> [WHAT TO PRODUCE] Restate every line below word for word, but drop each picture.

> [DATASET]

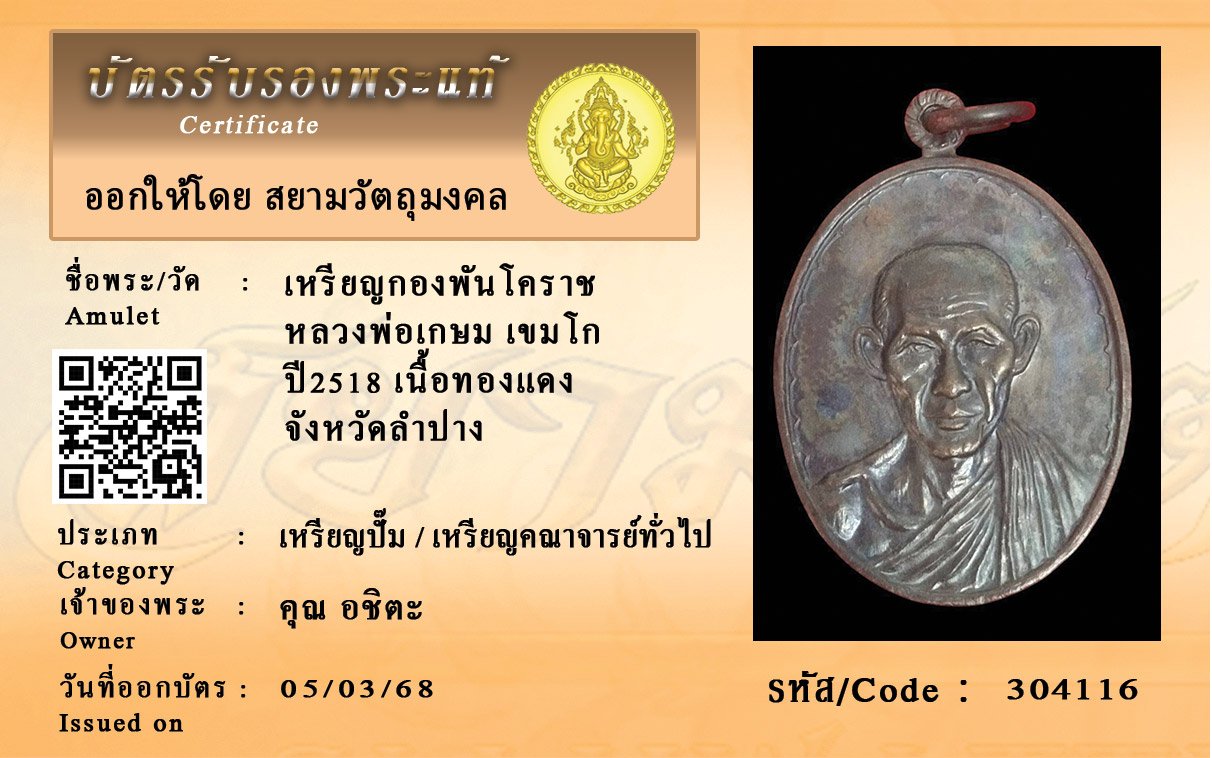 ค้นหาพระ พร้อมบัตรรับรองพระแท้
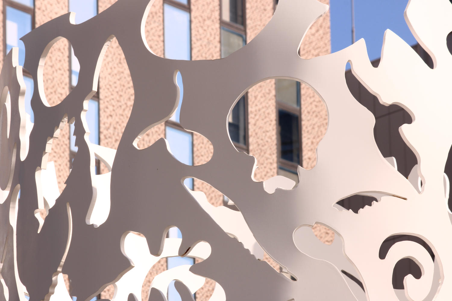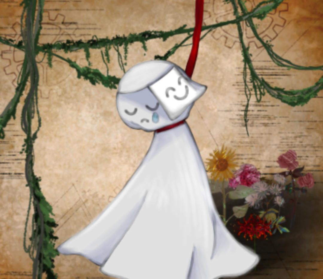 てるてる坊主の後ろで、さまざまな色の花が暗がりの中に満開に咲いているのが最初に目に飛び込んできました。背景になっている歯車は平面的で、立体的な手前側の世界とは蔦に隔てられているようにも見えました。その中で笑みの面をつけたてるてる坊主は花からも距離があってすこし寂しくも感じています。
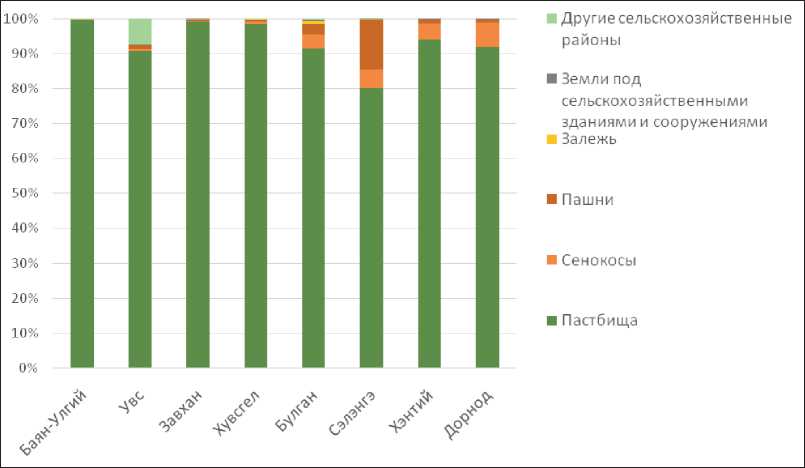В структуре землепользования на рассматриваемых территориях отчетливо видно преобладание земель сельскохозяйственного назначения, но в трех аймаках, таких как Хувсгел, Булган и Сэлэнгэ, заметна доля земель лесного фонда (рис. 1). Если рассматривать структуру сельскохозяйственных земель, то здесь во всех аймаках преобладание пастбищ, только в аймаке Сэлэнгэ присутствуют пашни (около 15 %), в аймаках Булган, Сэлэнгэ, Хэнтий и Дорнод имеются сенокосы (рис. 2).
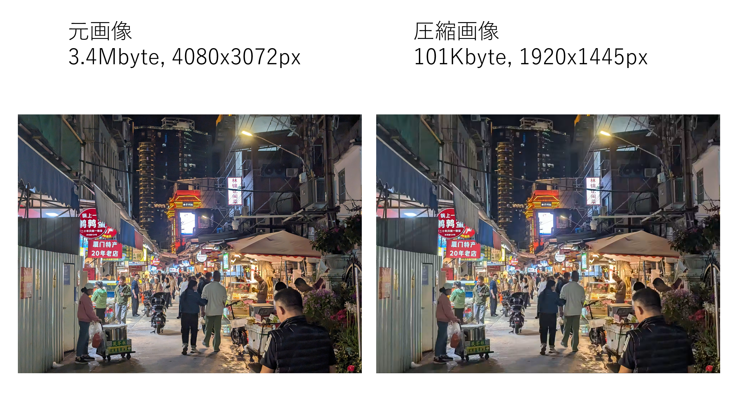 であるとき、Google pohotosがavifに対応しているという情報を知る。Google Driveアプリ(PC版Syncアプリ)はavif対応していないけどWeb版のGoogle photosはavif対応しているという。じゃぁavif変換するツールで一発じゃん! わははと思ったら写真のEXIF(撮影日時)をちゃんとJPG/HEICから引き継いでavifに埋めてくれるツールでかつ容量指定ができてリサイズもできるなんてツールがほぼ皆無ということがわかる。Exif引き継いでくれるけどリサイズ機能がないとか、リサイズ機能あるけど容量指定圧縮ができないとか(だいたいこれ)。圧縮率指定じゃなくて容量指定したいんだよ!!
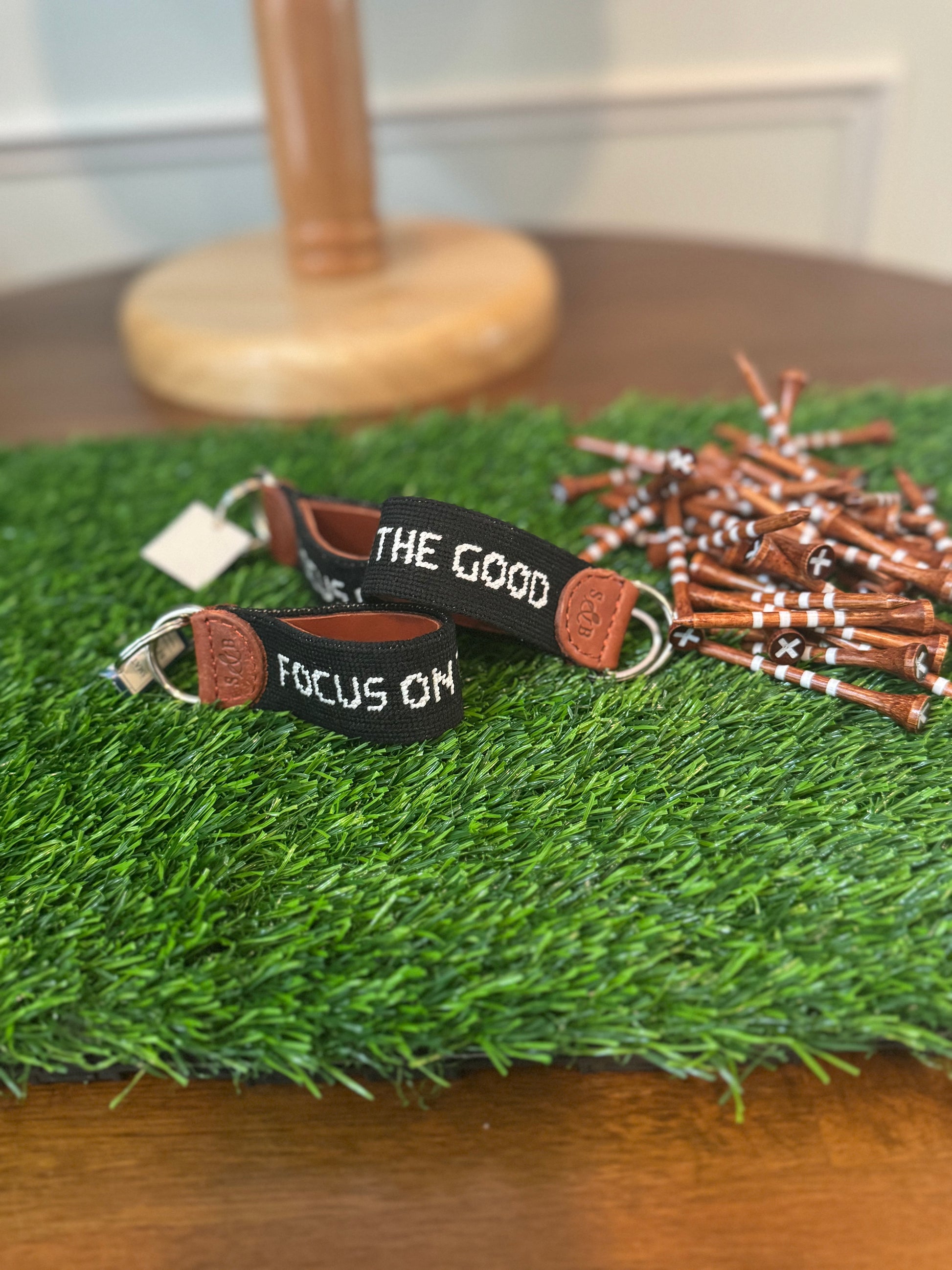 We've partnered with Smathers & Branson, the needlepoint professionals, to create this everyday piece. Finished with Italian leather and hand-stitched with the reminder to keep your eyes and mind focused on the positive things happening around you.
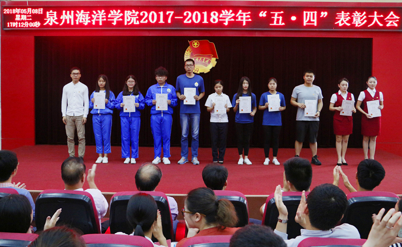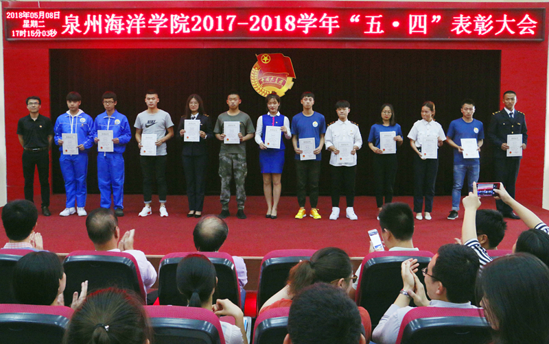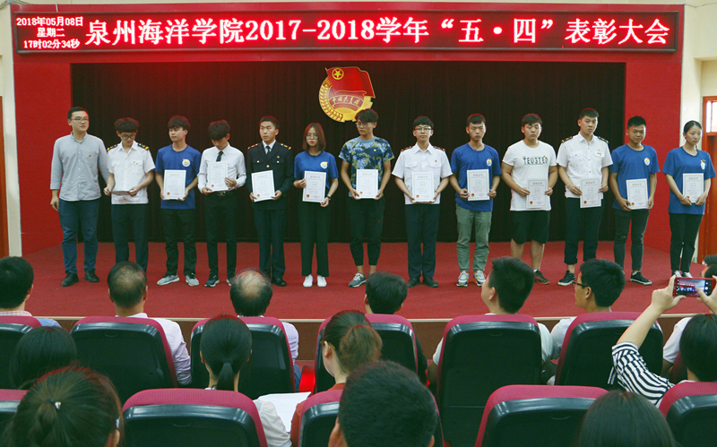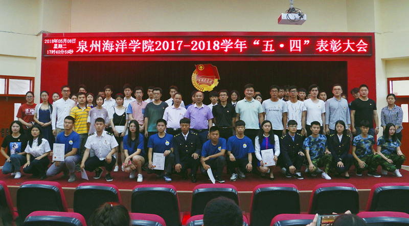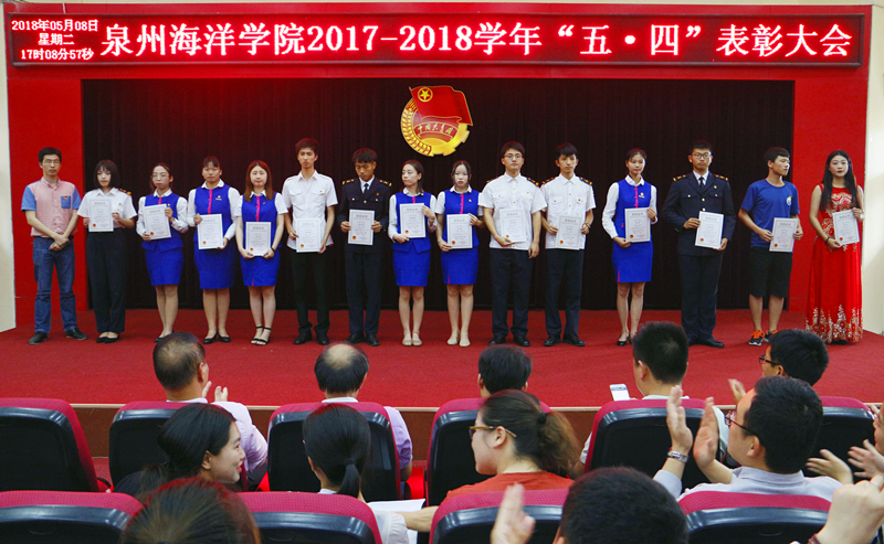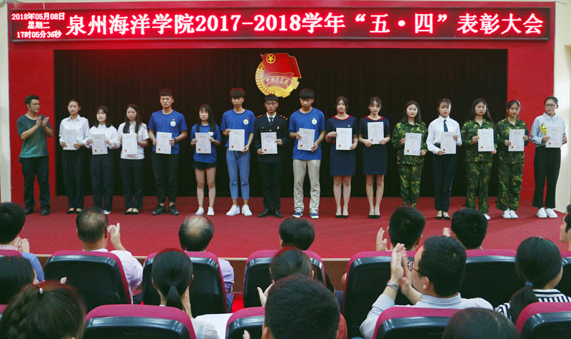 新闻中心讯(记者团供稿 党政办编辑)为深入学习贯彻习近平新时代中国特色社会主义思想和党的十九大精神,依照共青团“凝聚青年、服务大局、当好桥梁、从严治团”的四维工作格局,并号召广大团员青年自觉投身学院新一轮改革发展的伟大实践,为实现学院快速发展作出贡献,5月8日下午,由泉州海洋职业学院团委主办的“2017—2018学年‘五·四’表彰大会”于我院多功能报告厅如期举行。学院党委书记、院长林华东教授以及学院各党支部书记、支委出席了本次大会。

> [REPLY]
 ค้นหาพระ พร้อมบัตรรับรองพระแท้
 てるてる坊主の後ろで、さまざまな色の花が暗がりの中に満開に咲いているのが最初に目に飛び込んできました。背景になっている歯車は平面的で、立体的な手前側の世界とは蔦に隔てられているようにも見えました。その中で笑みの面をつけたてるてる坊主は花からも距離があってすこし寂しくも感じています。
В структуре землепользования на рассматриваемых территориях отчетливо видно преобладание земель сельскохозяйственного назначения, но в трех аймаках, таких как Хувсгел, Булган и Сэлэнгэ, заметна доля земель лесного фонда (рис. 1). Если рассматривать структуру сельскохозяйственных земель, то здесь во всех аймаках преобладание пастбищ, только в аймаке Сэлэнгэ присутствуют пашни (около 15 %), в аймаках Булган, Сэлэнгэ, Хэнтий и Дорнод имеются сенокосы (рис. 2).
 であるとき、Google pohotosがavifに対応しているという情報を知る。Google Driveアプリ(PC版Syncアプリ)はavif対応していないけどWeb版のGoogle photosはavif対応しているという。じゃぁavif変換するツールで一発じゃん! わははと思ったら写真のEXIF(撮影日時)をちゃんとJPG/HEICから引き継いでavifに埋めてくれるツールでかつ容量指定ができてリサイズもできるなんてツールがほぼ皆無ということがわかる。Exif引き継いでくれるけどリサイズ機能がないとか、リサイズ機能あるけど容量指定圧縮ができないとか(だいたいこれ)。圧縮率指定じゃなくて容量指定したいんだよ!!
 We've partnered with Smathers & Branson, the needlepoint professionals, to create this everyday piece. Finished with Italian leather and hand-stitched with the reminder to keep your eyes and mind focused on the positive things happening around you.
 新闻中心讯(记者团供稿 党政办编辑)为深入学习贯彻习近平新时代中国特色社会主义思想和党的十九大精神,依照共青团“凝聚青年、服务大局、当好桥梁、从严治团”的四维工作格局,并号召广大团员青年自觉投身学院新一轮改革发展的伟大实践,为实现学院快速发展作出贡献,5月8日下午,由泉州海洋职业学院团委主办的“2017—2018学年‘五·四’表彰大会”于我院多功能报告厅如期举行。学院党委书记、院长林华东教授以及学院各党支部书记、支委出席了本次大会。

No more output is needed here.